= EXERCISE =
Without including any pictures, write out the data below exactly.

= STORED DATA =
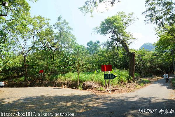 或在園區大門前右轉,跟著指標走,就可到達九九峰露營區旁的道路停車,然後沿指標到達步道南端入口。
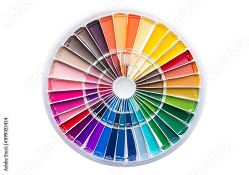 Obraz premium Color palette with paint in a plastic tray, isolated on a white background
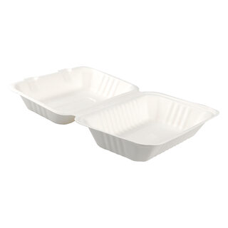 Menüboxen aus Bagasse, naturweiß, 23x15cm, 25Stk.
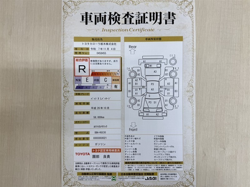詳細及び現状の車両状態につきましては、店舗スタッフまでお尋ねください。 - 注2)上記と同様の評価点・状態表を「車両検査証明書」として店舗の展示車両に搭載しております。

= RESPONSE BOX =
 或在園區大門前右轉,跟著指標走,就可到達九九峰露營區旁的道路停車,然後沿指標到達步道南端入口。
 Obraz premium Color palette with paint in a plastic tray, isolated on a white background
 Menüboxen aus Bagasse, naturweiß, 23x15cm, 25Stk.
詳細及び現状の車両状態につきましては、店舗スタッフまでお尋ねください。 - 注2)上記と同様の評価点・状態表を「車両検査証明書」として店舗の展示車両に搭載しております。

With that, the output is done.